PROVIDED MATERIAL:

=== Section Start ===

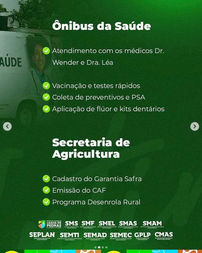 A Prefeitura de Lagoa de Pedras segue levando ação, cuidado e cidadania para mais perto de você!
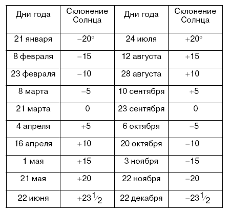 Чтобы пользоваться чертежом, надо знать, как велико угловое расстояние («склонение») Солнца от экватора в ту или иную сторону для различных дней года. Соответствующие данные указаны в табличке на стр. 23.
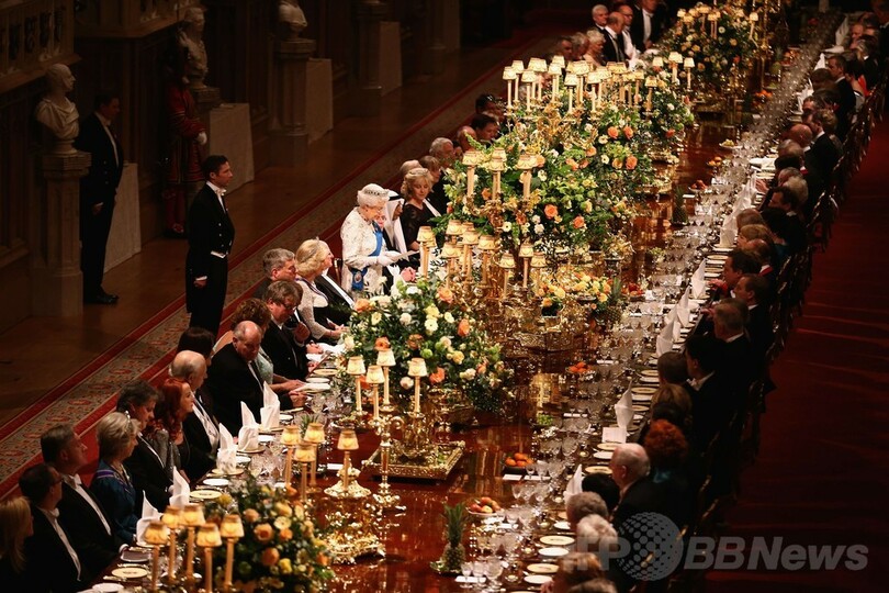 英国のエリザベス女王(Queen Elizabeth II)、デービッド・キャメロン(David Cameron)首相らが出席した晩さん会は、かつて敵対していた両国間で近年進む関係改善をさらに強固にすることが狙い。両国の関係は、エリザベス女王が2011年にアイルランドを訪問したことで、新局面を迎えていた。

=== Section End ===

YOUR TASK:
Reproduce the material above from its first line through the line containing "Чтобы пользоваться чертежом, надо", both ends included, and skip every picture.

ANSWER FOR THE TASK:
 A Prefeitura de Lagoa de Pedras segue levando ação, cuidado e cidadania para mais perto de você!
 Чтобы пользоваться чертежом, надо знать, как велико угловое расстояние («склонение») Солнца от экватора в ту или иную сторону для различных дней года. Соответствующие данные указаны в табличке на стр. 23.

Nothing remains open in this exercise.